Radio SETI Observations of the Interstellar Object ‘Oumuamua
Motivated by the hypothesis that ‘Oumuamua could conceivably be an interstellar probe, we used the Allen Telescope Array to search for radio transmissions that would indicate a non-natural origin for this object. Observations were made at radio frequencies between 1-10 GHz using the Array’s correlator receiver with a channel bandwidth of 100 kHz. In frequency regions not corrupted by man-made interference, we find no signal flux with frequency-dependent lower limits of 0.01 Jy at 1 GHz and 0.1 Jy at 7 GHz. For a putative isotropic transmitter on the object, these limits correspond to transmitter powers of 30 mW and 300 mW, respectively.

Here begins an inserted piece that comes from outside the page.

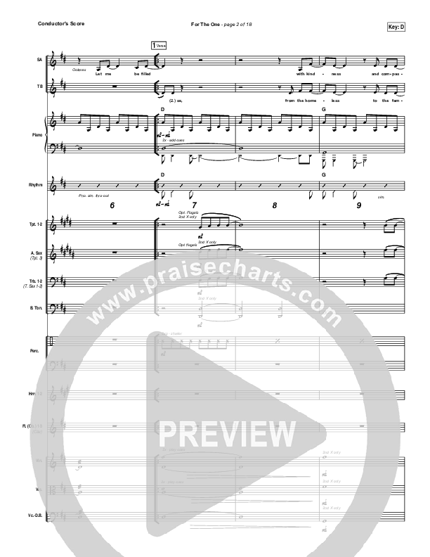 Download the Orchestration for For The One by Brian Johnson / Jenn Johnson, from the album After All These Years. This song was arranged by Dustin Loehrs / Daniel Galbraith in the key of D, Eb.

In frequency ranges that are heavily utilized for satellite communications, our sensitivity to weak signals is badly impinged, but we can still place an upper limit of 10 W for a transmitter on the asteroid. For comparison and validation should a transmitter be discovered, contemporaneous measurements were made on the solar system asteroids uz2017 and wc2017 with comparable sensitivities. Because they are closer to Earth, we place upper limits on transmitter power to be 0.1 and 0.001 times the limits for ‘Oumuamua.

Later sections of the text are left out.